→ Data records
——————

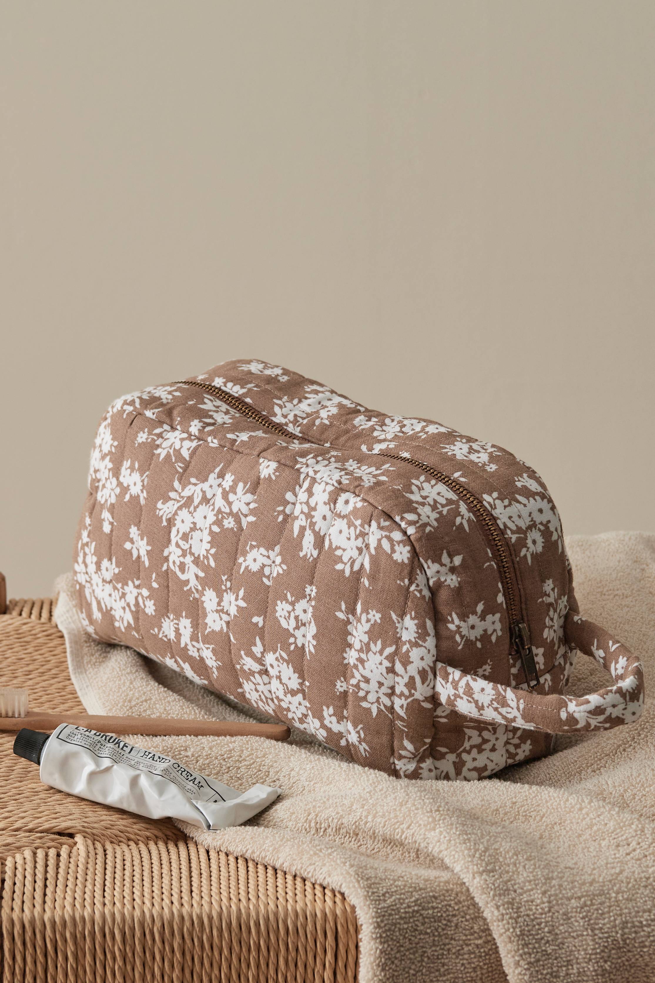 Quiltad och lätt vadderad necessär i muslin av ekologisk bomull. Stängning med dragkedja. En invändig öppen ficka. Bärhandtag på ena kortsidan. Mått: B27 x H17 x D9 cm.
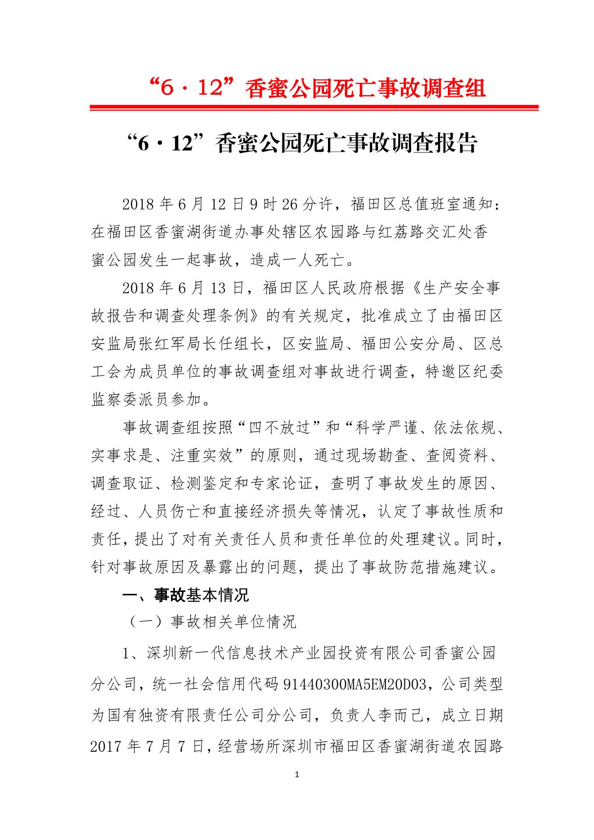 “6.12”香蜜公園死亡事故調(diào)查報告
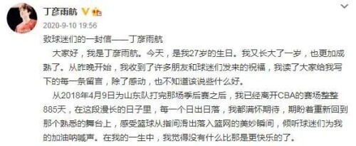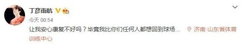 今年2月,齐鲁网记者发布了一段关于丁彦雨航的聊天记录,丁彦雨航写道:“那天跑田径场把大腿拉了,我把自己跑哭了,已经三年没全力跑过了。”
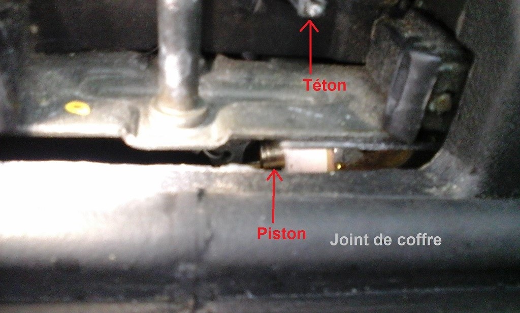 EtienneSoissons Posté(e) le 4 Mars 2017 Signaler Posté(e) le 4 Mars 2017 (modifié) J'ai trouvé ! Alors pour ouvrir le coffre depuis l'intérieur, d'abord : il faut appuyer fort là : Une fois le coffre ouvert, démonter la partie basse du garnissage : 4 vis cruciformes côté intérieur, et deux vis "en étoile" orientées vers l'arrière, non accessibles coffre fermé. A ce stade, on accède à la partie basse du mécanisme, et c'est de là que vient le problème. Ca ressemble à ça, vu de l'intérieur du coffre : Il y a deux mécanismes pour ouvrir le coffre : soit la tirette conducteur, qui actionne le câble, soit la télécommande, qui actionne le piston. Quand on actionne la télécommande, le piston rentre (comme ci-dessous) ce qui actionne le téton qui ouvre le coffre, et le piston ressort immédiatement. Et lorsqu'il y a blocage, c'est que lors de la précédente ouverture du coffre, le piston n'est pas ressorti comme il aurait dû (grippage). A ce moment là, la commande par câble devient inactive (flèche verte ci-dessous) et le piston étant grippé, plus possible d'ouvrir le coffre. Pour ma part, j'ai pulvérisé le piston avec du WD40, et le tour est joué : ça fonctionne à nouveau. Mais comme je suis méfiant, au remontage, je n'ai pas remis en place la garniture plastique de la serrure, ce qui me permettra d'ouvrir le coffre depuis l'intérieur sans démonter le garnissage du coffre si la situation se reproduit à l'avenir. Maintenant, si vous voulez agir préventivement pour éviter que le piston ne se grippe, on peut y accéder sans rien démonter lorsque le coffre est ouvert pour y pulvériser du WD40 : on le voit ci-dessous, dans la fente entre le joint de coffre et le mécanisme de serrure. Voilà, en espérant que ça puisse servir à d'autres ! PS : ça doit quand-même être un classique, vu que ça m'était arrivé sur la diesel il y a 3 ans, et sur la V6 aujourd'hui. A l'époque, Alfa-Romea m'avait remplacé tout le mécanisme.... Modifié le 4 Mars 2017 par EtienneSoissons Ajout de photos
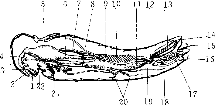 飞蝗(♀)的内部构造 1.口 2. 口腔 3. 咽 4. 食道 5. 嗉囊 6. 前胃 7. 胃盲囊 8.悬韧带 9. 胃 10. 卵巢 11. 回肠 12.结肠 13. 直肠 14.肛门 15. 上产卵瓣 16. 下产卵瓣 17. 总输卵管 18. 受精囊 19. 输卵管 20. 马氏管 21. 唾液腺 22. 唾液腺管 |
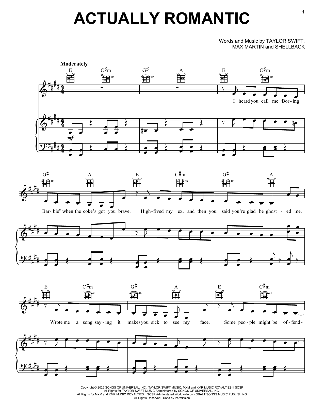 Download or print Taylor Swift Actually Romantic sheet music, chords and digital score arranged for Piano, Vocal & Guitar Chords (Right-Hand Melody). This Pop score includes 6 page(s).
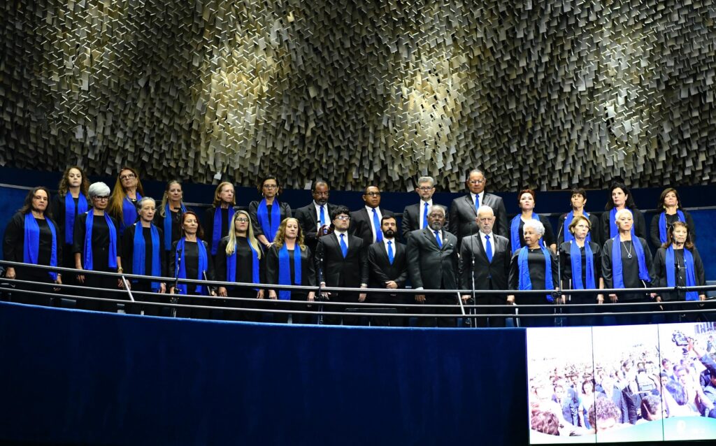 A sessão especial contou com as presenças de representantes do governo federal, do Supremo Tribunal Federal (STF) e também do Superior Tribunal Militar (STM). Logo no início, o ex-presidente José Sarney foi homenageado com uma placa entregue pelo presidente do Senado, senador Davi Alcolumbre. Honraria dada sob aplausos ao político pela sua atuação e por seu legado na redemocratização do Brasil. O deputado federal Aécio Neves recebeu a condecoração em nome do avô, Tancredo Neves.
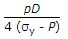 A thin cylindrical shell of internal diameter D is subject to an internal pressure 'p'. If σy is the yield stress of the material of the cylinder, then based on the maximum shear theory, the thickness of the cylinder will be (in kg/cm2) is
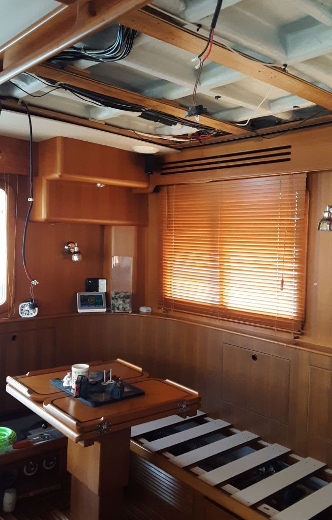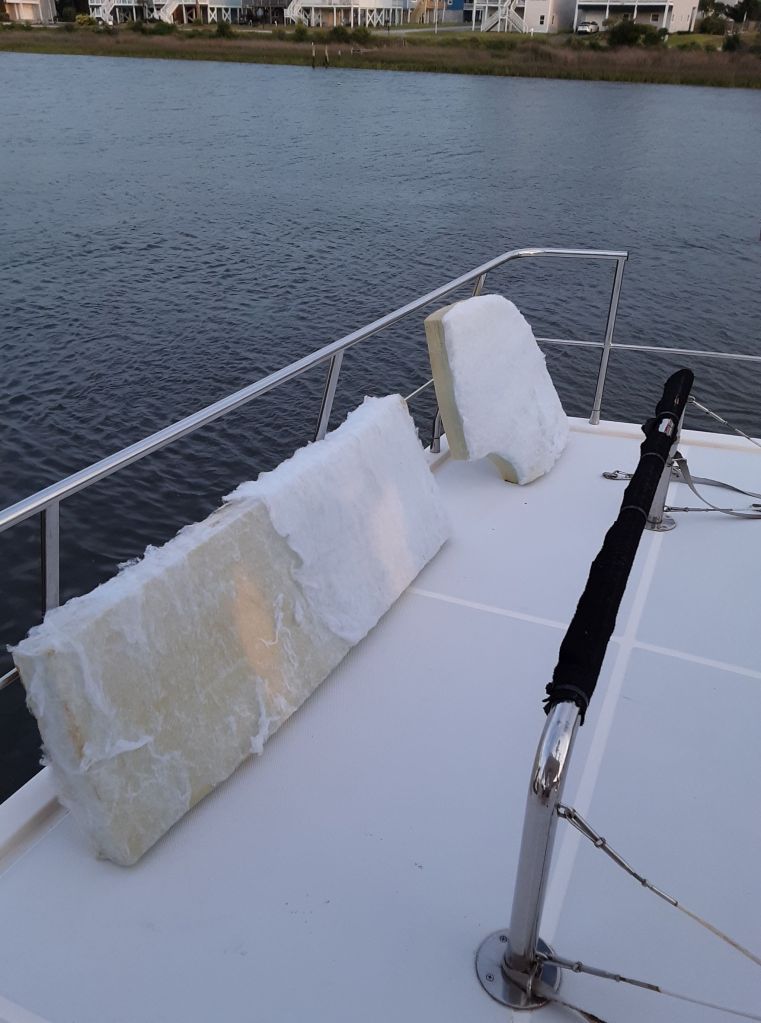 Okay, it was bad. There are seven lines that run from the crane through a cabinet under a built-in seat on the flybridge – a nice, large, empty, fiberglass cabinet. Nothing in there but hydraulic lines. Well, you know how stuff runs downhill? Turns out the lines didn’t burst at the upper end of their runs in the aforementioned nice, large, empty fiberglass cabinet and thus contain the hydraulic fluid. No-o. They burst at the lower end of the lines, which is… wait for it… in the salon ceiling! Hydraulic fluid was raining out along the seams of the ceiling panels in a waterfall directly over the newly upholstered settee!

——————

→ Work instruction
A picture-free version of all the records, repeated exactly, is what to return.

→ Answer box
 Quiltad och lätt vadderad necessär i muslin av ekologisk bomull. Stängning med dragkedja. En invändig öppen ficka. Bärhandtag på ena kortsidan. Mått: B27 x H17 x D9 cm.
 “6.12”香蜜公園死亡事故調(diào)查報告
 今年2月,齐鲁网记者发布了一段关于丁彦雨航的聊天记录,丁彦雨航写道:“那天跑田径场把大腿拉了,我把自己跑哭了,已经三年没全力跑过了。”
 EtienneSoissons Posté(e) le 4 Mars 2017 Signaler Posté(e) le 4 Mars 2017 (modifié) J'ai trouvé ! Alors pour ouvrir le coffre depuis l'intérieur, d'abord : il faut appuyer fort là : Une fois le coffre ouvert, démonter la partie basse du garnissage : 4 vis cruciformes côté intérieur, et deux vis "en étoile" orientées vers l'arrière, non accessibles coffre fermé. A ce stade, on accède à la partie basse du mécanisme, et c'est de là que vient le problème. Ca ressemble à ça, vu de l'intérieur du coffre : Il y a deux mécanismes pour ouvrir le coffre : soit la tirette conducteur, qui actionne le câble, soit la télécommande, qui actionne le piston. Quand on actionne la télécommande, le piston rentre (comme ci-dessous) ce qui actionne le téton qui ouvre le coffre, et le piston ressort immédiatement. Et lorsqu'il y a blocage, c'est que lors de la précédente ouverture du coffre, le piston n'est pas ressorti comme il aurait dû (grippage). A ce moment là, la commande par câble devient inactive (flèche verte ci-dessous) et le piston étant grippé, plus possible d'ouvrir le coffre. Pour ma part, j'ai pulvérisé le piston avec du WD40, et le tour est joué : ça fonctionne à nouveau. Mais comme je suis méfiant, au remontage, je n'ai pas remis en place la garniture plastique de la serrure, ce qui me permettra d'ouvrir le coffre depuis l'intérieur sans démonter le garnissage du coffre si la situation se reproduit à l'avenir. Maintenant, si vous voulez agir préventivement pour éviter que le piston ne se grippe, on peut y accéder sans rien démonter lorsque le coffre est ouvert pour y pulvériser du WD40 : on le voit ci-dessous, dans la fente entre le joint de coffre et le mécanisme de serrure. Voilà, en espérant que ça puisse servir à d'autres ! PS : ça doit quand-même être un classique, vu que ça m'était arrivé sur la diesel il y a 3 ans, et sur la V6 aujourd'hui. A l'époque, Alfa-Romea m'avait remplacé tout le mécanisme.... Modifié le 4 Mars 2017 par EtienneSoissons Ajout de photos
 飞蝗(♀)的内部构造 1.口 2. 口腔 3. 咽 4. 食道 5. 嗉囊 6. 前胃 7. 胃盲囊 8.悬韧带 9. 胃 10. 卵巢 11. 回肠 12.结肠 13. 直肠 14.肛门 15. 上产卵瓣 16. 下产卵瓣 17. 总输卵管 18. 受精囊 19. 输卵管 20. 马氏管 21. 唾液腺 22. 唾液腺管 |
 Download or print Taylor Swift Actually Romantic sheet music, chords and digital score arranged for Piano, Vocal & Guitar Chords (Right-Hand Melody). This Pop score includes 6 page(s).
 A sessão especial contou com as presenças de representantes do governo federal, do Supremo Tribunal Federal (STF) e também do Superior Tribunal Militar (STM). Logo no início, o ex-presidente José Sarney foi homenageado com uma placa entregue pelo presidente do Senado, senador Davi Alcolumbre. Honraria dada sob aplausos ao político pela sua atuação e por seu legado na redemocratização do Brasil. O deputado federal Aécio Neves recebeu a condecoração em nome do avô, Tancredo Neves.
 A thin cylindrical shell of internal diameter D is subject to an internal pressure 'p'. If σy is the yield stress of the material of the cylinder, then based on the maximum shear theory, the thickness of the cylinder will be (in kg/cm2) is
 Okay, it was bad. There are seven lines that run from the crane through a cabinet under a built-in seat on the flybridge – a nice, large, empty, fiberglass cabinet. Nothing in there but hydraulic lines. Well, you know how stuff runs downhill? Turns out the lines didn’t burst at the upper end of their runs in the aforementioned nice, large, empty fiberglass cabinet and thus contain the hydraulic fluid. No-o. They burst at the lower end of the lines, which is… wait for it… in the salon ceiling! Hydraulic fluid was raining out along the seams of the ceiling panels in a waterfall directly over the newly upholstered settee!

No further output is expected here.